■ **DATA SECTION**:
- Opening Delimiter -

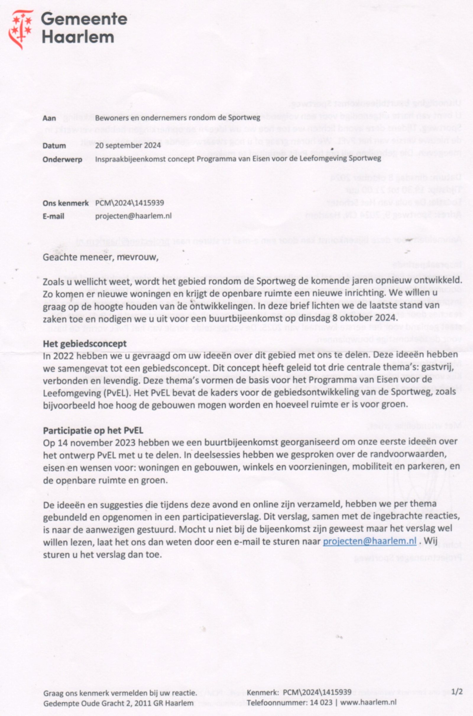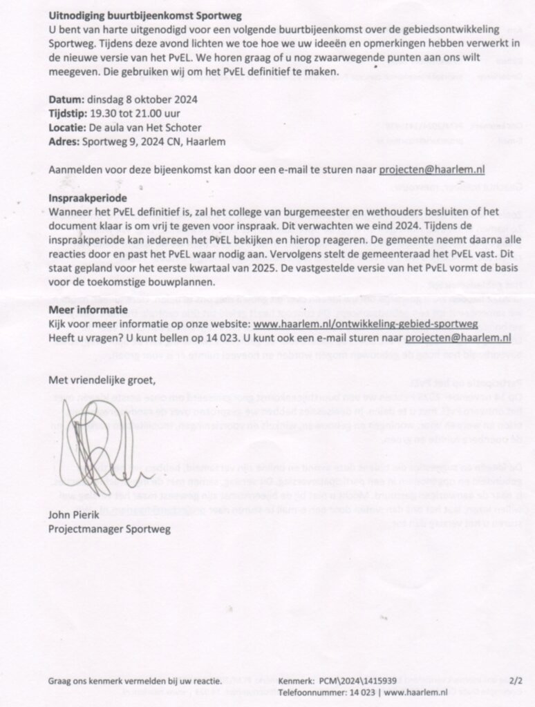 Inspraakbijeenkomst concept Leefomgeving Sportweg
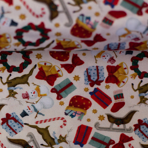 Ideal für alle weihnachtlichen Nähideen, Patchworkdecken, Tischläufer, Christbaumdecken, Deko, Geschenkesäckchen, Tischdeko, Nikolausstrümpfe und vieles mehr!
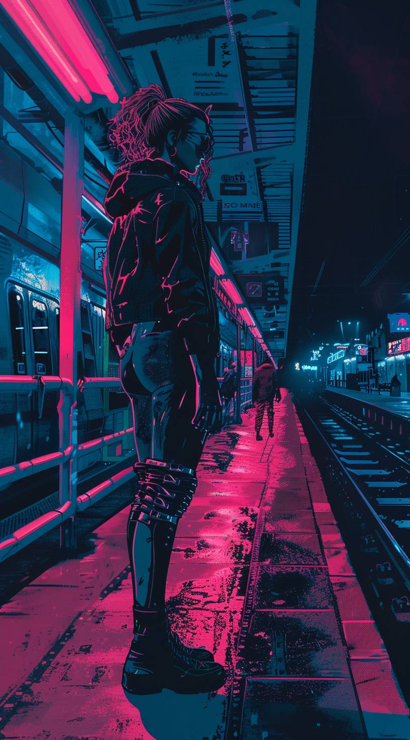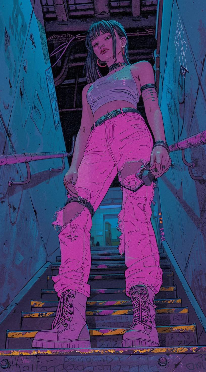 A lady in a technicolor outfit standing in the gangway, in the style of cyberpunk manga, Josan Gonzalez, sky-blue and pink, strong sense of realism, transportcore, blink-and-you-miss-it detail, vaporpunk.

- Closing Delimiter -

■ **EXERCISE**:
The expected output is the whole listing, word for word, minus its pictures.

■ **SOLVED PROBLEM**:
 Inspraakbijeenkomst concept Leefomgeving Sportweg
 Ideal für alle weihnachtlichen Nähideen, Patchworkdecken, Tischläufer, Christbaumdecken, Deko, Geschenkesäckchen, Tischdeko, Nikolausstrümpfe und vieles mehr!
 A lady in a technicolor outfit standing in the gangway, in the style of cyberpunk manga, Josan Gonzalez, sky-blue and pink, strong sense of realism, transportcore, blink-and-you-miss-it detail, vaporpunk.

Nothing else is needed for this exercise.